I am a part of a Bible Study group that now meets on Zoom. This last week, one of the members in my group mentioned that he had never heard a sermon on racism. Of course, we had been talking about the events that surrounded the murder of George Floyd.
It seems to me, that conservative Christians do hear sermons about abortions, and liberal Christians hear sermons about racism and human rights. Why is that?
A part of the answer lies in the history of the evangelical Christian movement. Evangelicals are still in reaction to the errors of Liberal Christianity by avoiding those subject matters that tend to be the focal point of the liberal agenda.
It was 1947 when Carl F. H. Henry published “The Uneasy Conscience of Modern Fundamentalism.” To understand the term “Fundamentalism” in the context of 1947, we must think of it as those Christians who held the Inerrancy of Scripture, the uniqueness of Christ as both fully God and man, the penal substitutionary death of Jesus, the assurance of the visible return of Jesus to judge the living and the dead, and so forth. These were the very doctrines that the liberal movement had sought to undo.
But Carl F. H. Henry saw a problem. He thought that, unwittingly, conservative Christians were abandoning the Bible because of their reaction to liberalism.
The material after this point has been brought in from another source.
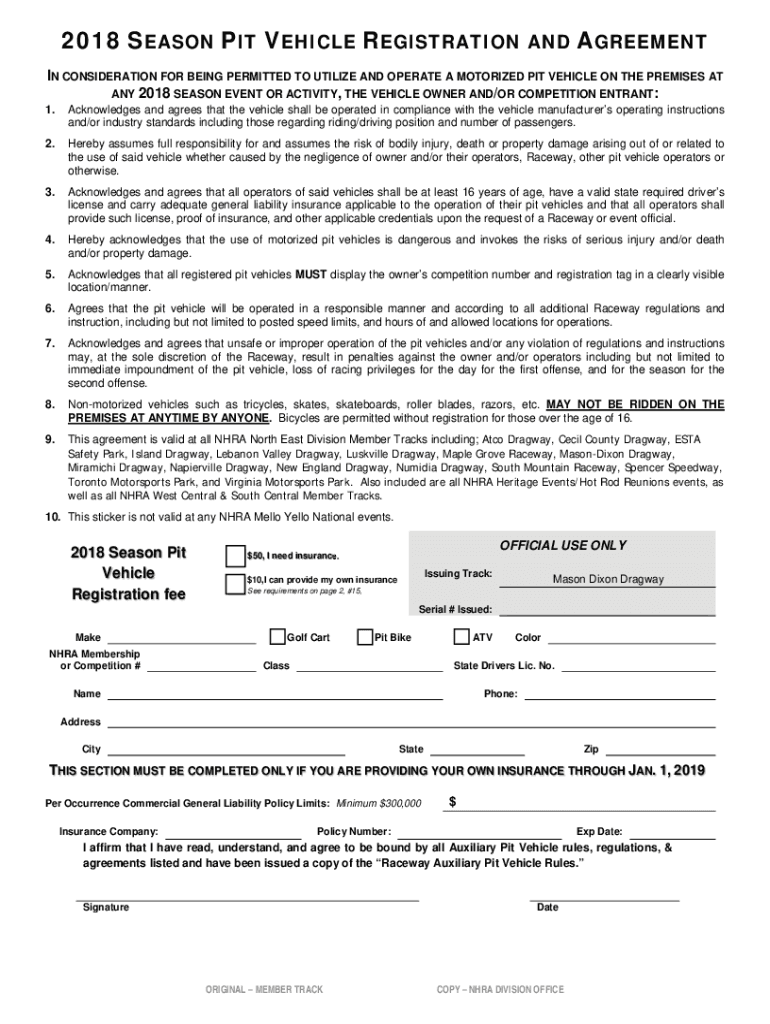 2018 SEASON PIT VEHICLE REGISTRATION AND AGREEMENT

But in so doing, Conservative Christians have stayed away from a number of themes that are found in the Bible. Conservative Christians were right to criticize liberals for their emphasis on the need for structural changes in society without insisting on the need for personal repentance and the work of regeneration. But they were wrong in that, in order to keep from the errors of liberalism, they ceased working for structural change in the wider culture.
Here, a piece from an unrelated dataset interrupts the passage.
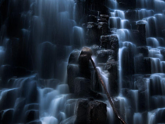 Secret Falls White Modern Wood Framed Art Print with Double Matting by Shi, Fei

The Bible has a great deal to say about racism. For one, we are told that all human beings are created in God’s image, and therefore have equal value and worth. In Ephesians 2, Paul mentions that the dividing wall of hostility has been broken down between Jew and Gentile. The revelation that God has opened a wide-open door for the Gentiles forces the church to embrace the idea of a multi-ethnic, multi-racial community of God’s people. Once this is embraced, any structural systems in society that lessen the value of some, based upon race, must be thought of as a profound evil. In the end, Jesus Himself insists that His church will be made up of every people, race, and tongue.
And that brings me back to the curious comment of one member of my Bible Study. He had never heard a sermon on racism. Evangelicalism has become defined by its insistence on a personal relationship with Jesus. That is good. But it is impossible not to draw out the Biblical implications of this fact.
It seems to me, that Evangelical Christians, if they are truly evangelical at all, ought to be on the front line and calling for structural changes, that bring an end to systemic racism. Why have we been largely silent? If Carl F. H. Henry said our conscience was uneasy in 1947, I would contend it still is.